What Ed says.
You are not grandfathered on GFCI protection since this is a circuit extension. You need it.
NEC does not require a GFCI receptacle. The difference between "protection" and "receptacle" is very important here. A GFCI device can protect any circuit extension beyond that point.
E.g. a GFCI breaker protects the whole circuit. A GFCI receptacle protects its own sockets obviously... but it also can protect everything on the circuit past that point. That is the only thing the "Load" terminals should ever be used for. Novices often use the "Load" not knowing why or knowing any better; silly problems then follow.
So in your case, use "Load" quite intentionally, at the outlet you are extending off of. Put the GFCI there, then wire this new receptacle off the "Load" terminals of that GFCI. Now it is a plain recep (use WR as Ed suggests) protected by that other GFCI.
If you're going "wow, I could protect all the garage receps by putting the GFCI at the first location"... then you've got it!

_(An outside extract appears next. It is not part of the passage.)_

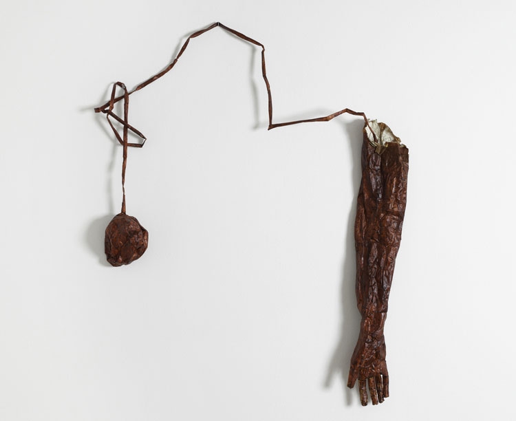 Throughout her oeuvre, Smith has often invoked bodily fluids, most notably blood and semen, to draw attention to the raw physicality as well as psychological pain, of human existence. The delicate paper sculpture Heart to Hand is an early work in which Smith externalizes internal processes, both psychic and physical. Red ink on gampi paper is manipulated to resemble wrinkled and bloodied viscera. The disembodied titular hand and heart hang freely on the wall, connected via a spindly red umbilical artery. While the sculpture makes self-referential allusion to channels of artistic creation, it also references Bruce Nauman’s From Hand to Mouth—a similar sculpture of a human arm and mouth that likewise seeks to represent the psychological divide between the manifest and the metaphoric.

The last snag is the "GFCI Protected" sticker. That's mandatory, but the provided stickers are paper and will get wrecked. I recommend using a white cover plate, and a Brother or P-touch label maker to make the "GFCI Protected" label. I recommend the label also says where the reset is found.
GFCI Protected
Reset near entry door
etc.
Oh, one other thing. In surface conduit, no need to wrestle Romex cable. You can use THHN individual wires - black white green are the mandatory colors. Typically sold for about 20 cents a foot. Use solid not stranded. Stranded is a pleasure to work with, but is impossible for novices to attach to side screws on sockets. However, your GFCI will have "screw-to-clamp" back wiring, and if your plain socket does also, then stranded is OK. Better ($3 range) sockets usually have that feature.